Es gibt noch eine Bibliothek in Elbe-Parey, und das ist zwei Frauen zu verdanken: Christa Vaupel und Hannelore Dümecke. Denn die beiden kümmern sich ehrenamtlich um Buchbestand und Ausleihe - seit zehn Jahren. Das war Anlass für eine kleine Feier.

Parey l Ein Ständchen von den Kindergartenkindern des "Sonnenschlösschens" bildete den Auftakt, und die Kleinen wurden natürlich auch gleich als künftige Leser der Bibliothek geworben. Denn an einstige Zahlen von Lesern und Ausleihen reichen die heutigen nicht im geringsten mehr heran. Trotzdem sind auch kleine Bibliotheken nach wie vor wichtig. Die Pareyer Bibliothek hat einen festen Leserstamm, und über jeden "Neuen" freuen sich Christa Vaupel und Hannelore Dümecke.

Volker Zunder in seiner Funktion als stellvertretender Bürgermeister erinnerte an die lange, Jahrzehnte zurückreichende Tradition der Pareyer Bibliothek. Am 1. Juli 1996 wurde die Zentralbibliothek Parey in die Trägerschaft der damaligen Verwaltungsgemeinschaft Elbe-Parey übernommen und blieb es bis Ende 2003. Es wurden Ausleihstellen in Bergzow, Derben, Ferchland, Hohenseeden und Zerben eingerichtet. In Güsen gab es die Bibliothek in der Schule.

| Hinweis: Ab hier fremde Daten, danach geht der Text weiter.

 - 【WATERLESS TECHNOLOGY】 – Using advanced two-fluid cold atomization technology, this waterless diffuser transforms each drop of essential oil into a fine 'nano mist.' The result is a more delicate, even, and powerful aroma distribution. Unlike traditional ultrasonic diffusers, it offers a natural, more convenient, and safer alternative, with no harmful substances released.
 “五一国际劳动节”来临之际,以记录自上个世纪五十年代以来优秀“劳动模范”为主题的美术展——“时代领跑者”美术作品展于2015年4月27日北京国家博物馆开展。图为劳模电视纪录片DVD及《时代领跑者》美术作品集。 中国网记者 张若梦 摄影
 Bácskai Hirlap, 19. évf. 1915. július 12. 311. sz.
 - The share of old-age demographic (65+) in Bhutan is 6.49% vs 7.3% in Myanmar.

Die Nutzung dieser Angebote sei mit dem sich wandelnden Medienangebot immer mehr zurückgegangen, blickt Zunder zurück. Mit einem Beschluss des damaligen Gemeinschaftsausschusses wurde schließlich das vorläufige Aus der Bibliothek besiegelt. Die Arbeitszeit der damals noch fest angestellten Bibliothekarin sollte massiv gekürzt werden. Das gelang nicht, und so fiel im Juni die Entscheidung, die Bibliothek zum Jahresende ganz zu schließen.

Am 6. September 2004 wurde die Bibliothek wieder eröffnet, nachdem zwischen der Gemeinde und den beiden Frauen aus Parey und Bergzow eine Vereinbarung über eine entsprechende Freiwilligenarbeit geschlossen worden war.

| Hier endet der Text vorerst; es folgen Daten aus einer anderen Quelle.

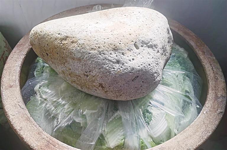 交談中,菜市場爺爺奶奶輩的老人說,除了囤好大白菜,“一口酸菜缸,一塊腌酸菜用的大石頭”也必不可少。“前一年缸里的菜吃完后,要把空缸倒扣在地面上,接上地氣,除去缸中的異味,然后洗干凈,晾干,來年再用。”老人家說,傳統(tǒng)的近半人高的醬色大缸一般都是家里的老人留下來的,那時候大家的生活條件不好,一家人的美食,都被腌制在壇壇罐罐里,甚至搬家都舍不得丟棄這口缸。腌菜用的壓菜石也是有講究的,先要夠分量,太小了壓不實,太大了不方便取菜,也有人常常用幾塊卵石同時壓菜的辦法來解決;最好還要表面光滑、不扎手、好清洗,“基本都是黃河邊撿的石頭拿回去洗干凈用”。

Eine "Treueprobe" für die beiden Ehrenamtlichen nannte Volker Zunder, was dann 2006 kam: In diesem Jahr begann die Sanierung des Jugendclubs in Parey, und um den Jugendlichen eine Alternative zu bieten, wurde die Bibliothek kurzerhand geräumt, der Buchbestand in den Keller des Gemeindeamts verfrachtet. Dort türmten sich Kartons und Stapel "wild" durcheinander, und kaum jemand hatte damals noch daran geglaubt, dass daraus noch einmal eine gut sortierte Bibliothek werden könnte.

Aber es gelang, wobei wohl niemand mehr weiß, wie viele Stunden die beiden Frauen dafür aufgewendet haben, diesen "Bücherberg" wieder übersichtlich in die Regale zu bringen.

"Eins steht fest", ist Volker Zunder überzeugt, "wenn dieses Ehrenamt von euch nicht angetreten worden wäre, würde es diese Bibliothek nicht mehr geben!"

Etwa 9 000 Bücher hat die Bibliothek heute im Bestand. Wenn auch die Zahl der Ausleihen, die 1998 noch bei 14 441 in Parey und den Außenstellen lag, lange nicht mehr erreicht wird, so sind es doch noch etwa 2 000 Ausleihen pro Jahr, was 40 bis 50 Ausleihen pro Öffnungstag bedeute. Geöffnet ist zuverlässig jeden Dienstag von 14 bis 16 Uhr. Die Arbeitszeit von Christa Vaupel und Hannelore Dümecke ist darauf freilich nicht beschränkt. Sie verbringen noch weitaus mehr unentgeltliche Stunden in diesen Räumen, und sie tun es mit großer Freude.

Das ist unter anderem notwendig, um immer wieder neue Bücher einzusortieren und gegebenenfalls auch etwas auszumustern. Denn der Buchbestand wird regelmäßig aktualisiert, wobei Christine Schreiber große Unterstützung leiste und viele Bücher sponsere, betonte Volker Zunder. Auch aus privaten Spenden kommt vieles dazu.

Blumen und eine tolle "Geburtstags"-Torte gab es für Christa Vaupel und Hannelore Dümecke. Letztere schnitten die beiden gleich an, um sie mit ihren treuen Lesern zu teilen.

Volker Zunder informierte auch noch über Lesungen im Rahmen der Landesliteraturtage in Elbe-Parey und lud insbesondere zur Lesung von Luise Winkelmann "Lyrische Rückschau einer Greisin" am 30. September, 18.30 Uhr, im Zerbener Schloss ein.